O pão seco de manhã cedo. O cheiro de café. Olhar o relógio. O ônibus atrasado alguns minutos. Não ter o que dizer. Não querer escutar. Um dia de silêncio é tudo que ele precisa, mas ainda há três dias de trabalho.
Um homem ama uma mulher. E vice-versa. Dor e gozo em um mesmo copo. Beber até o fim. É preciso.
Ela segurou o celular um pouco antes de dormir. Pensou em ligar. Afinal até anteontem os dois eram só amor e paixão profunda. Eram desejo. Eram prazer. E ela ainda queria sentir aquela mão perscrutando cada centímetro de sua pele, e aquela boca roçando as suas coxas, aquele olhar querendo um algo mais, o tudo que ela tem. Mas a manhã veio e o sono foi tão parco, que tudo parecia doer. Sofrer de amor em tempos tão pragmáticos é patético. Mas se era amor mesmo, por que morreu tão de repente? Quem nunca sofreu de amor, levante a mão!
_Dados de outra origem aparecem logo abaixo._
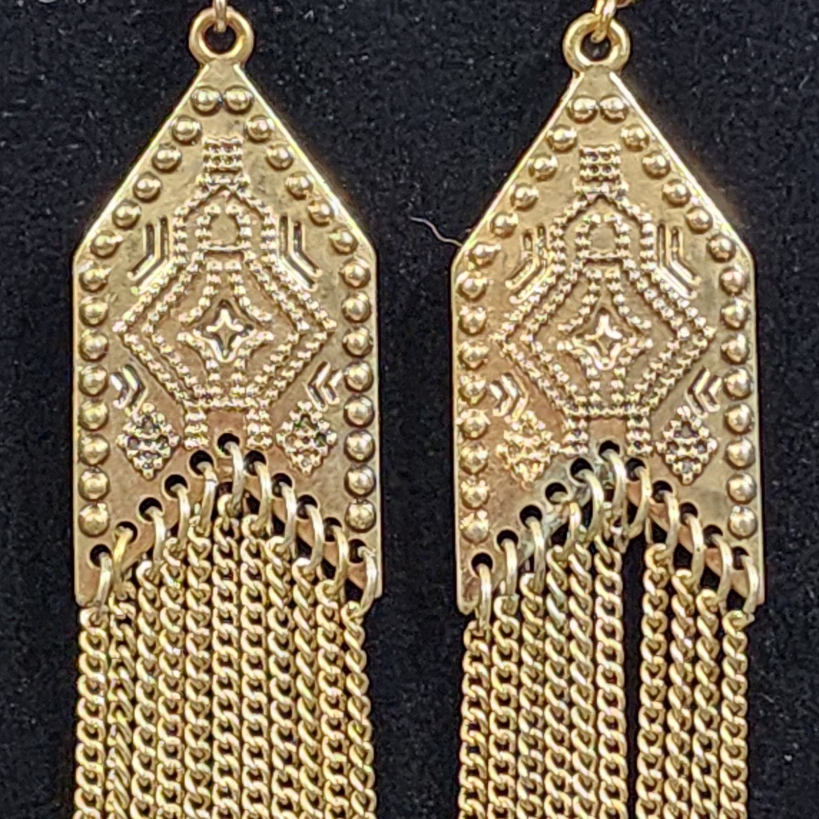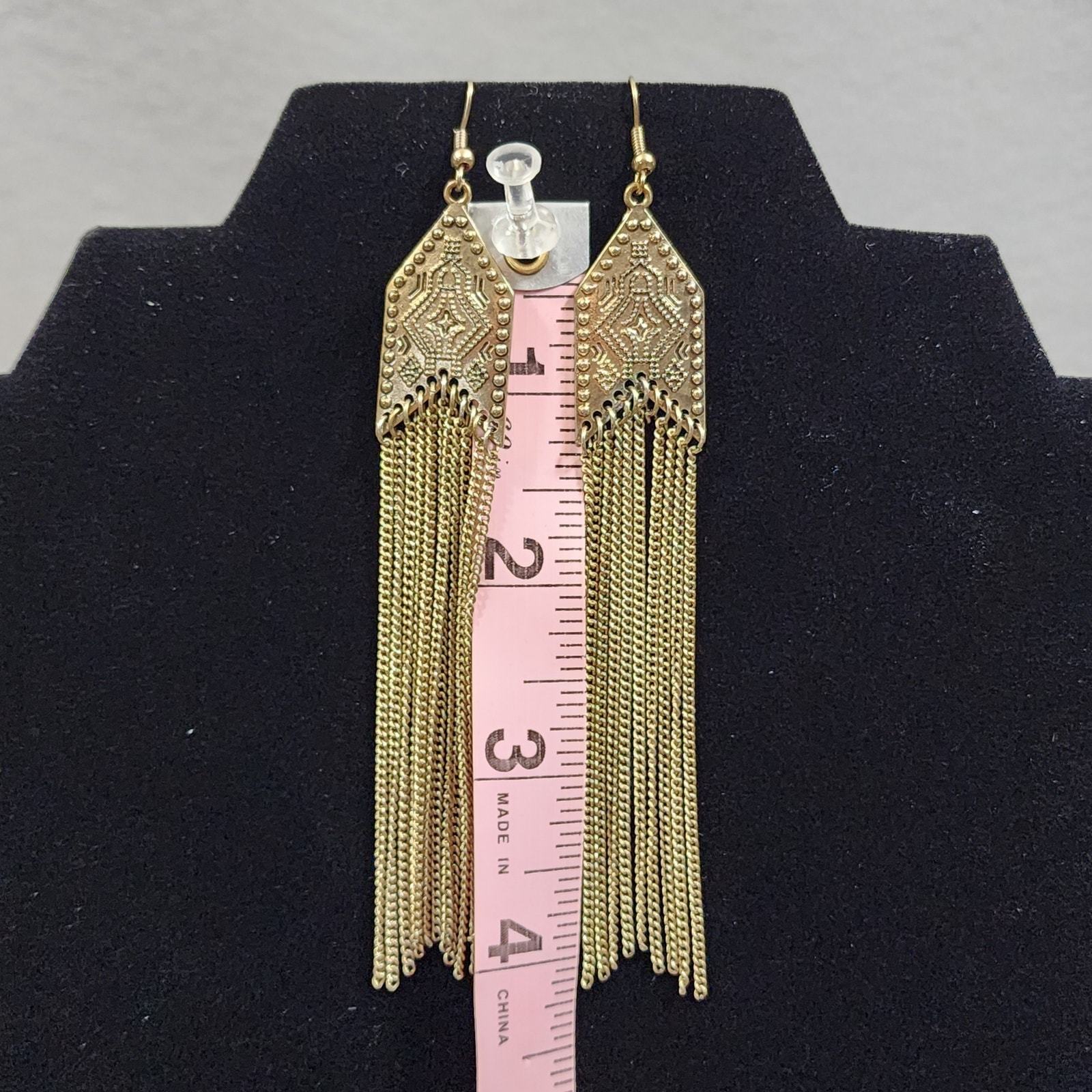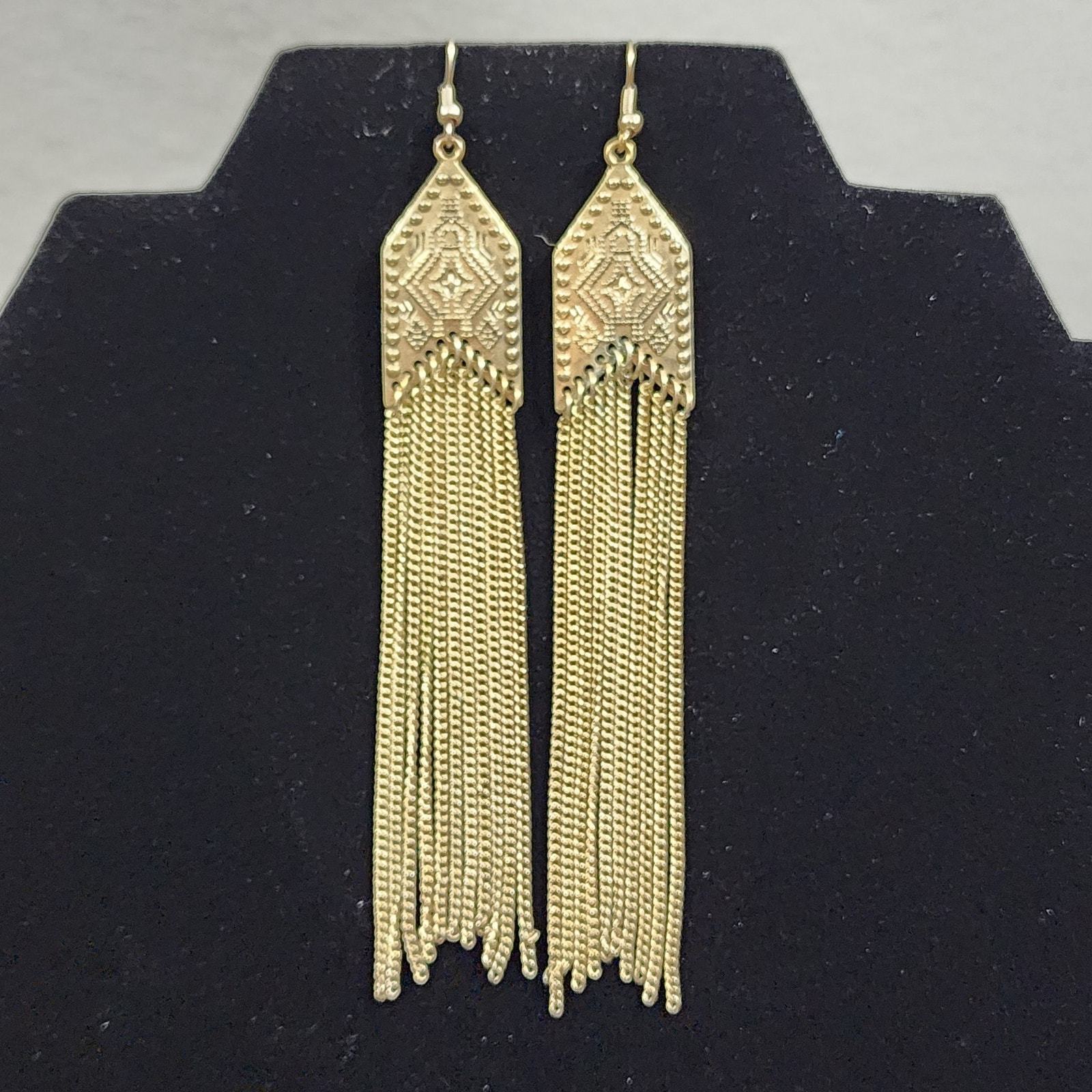 - Arrow Shape Southwestern Motif Chain Tassel Chandelier Pierced Earrings GoldTone

"If you leave me now, you’ll take away the biggest part of me. Oo, oo, oo, no, baby, please don’t go!". Uma canção do Chicago passa a ter sentido. Ele pensa em desligar o walkman, mas falta muito para chegar ao trabalho. As casas, lojas, pessoas passam pela janela do ônibus. E o tempo parece cada vez mais longo. Toca o celular! É ela? Não. Reinaldo avisa que está com dengue e, por isso, não vai com ele ao futebol das quartas-feiras. Hoje é quarta? O tempo está invisível hoje.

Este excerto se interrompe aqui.